SUPPLIED MATERIAL:
--- START ---
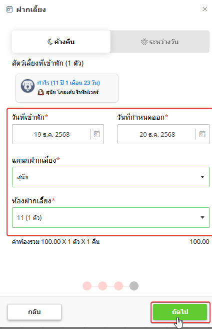 ระบบจะเข้าสู่หน้าต่างเพื่อให้ผู้ใช้งานเลือกประเภทการรับฝากเลี้ยง โดยสามารถเลือกได้ 2 แบบได้แก่ ค้างคืน หรือระหว่างวัน
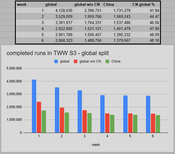 Looking at the global metrics, we can see that China has almost solidified a 48% share by now. Once the Turbo Boost starts, this could shift by a few more points and tip the region over 50%. Though we can’t really tell how big the effect of the Legion Remix will be per region. This time, it’s staggered a bit more compared to Pandaria Remix in DF S4. That season was also seen as rather insignificant by many, and M+ activity dropped by 30% back then.
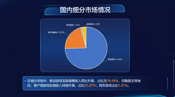 从具体市场构成来看,移动游戏已稳居主导地位。中国移动游戏市场实际销售收入为1253.09亿元,占比达74.59%,同比增长16.55%,持续引领行业发展。
--- END ---
TASK DETAILS: Every line of the data above should be repeated exactly. Omit the pictures.

REPLY:
 ระบบจะเข้าสู่หน้าต่างเพื่อให้ผู้ใช้งานเลือกประเภทการรับฝากเลี้ยง โดยสามารถเลือกได้ 2 แบบได้แก่ ค้างคืน หรือระหว่างวัน
 Looking at the global metrics, we can see that China has almost solidified a 48% share by now. Once the Turbo Boost starts, this could shift by a few more points and tip the region over 50%. Though we can’t really tell how big the effect of the Legion Remix will be per region. This time, it’s staggered a bit more compared to Pandaria Remix in DF S4. That season was also seen as rather insignificant by many, and M+ activity dropped by 30% back then.
 从具体市场构成来看,移动游戏已稳居主导地位。中国移动游戏市场实际销售收入为1253.09亿元,占比达74.59%,同比增长16.55%,持续引领行业发展。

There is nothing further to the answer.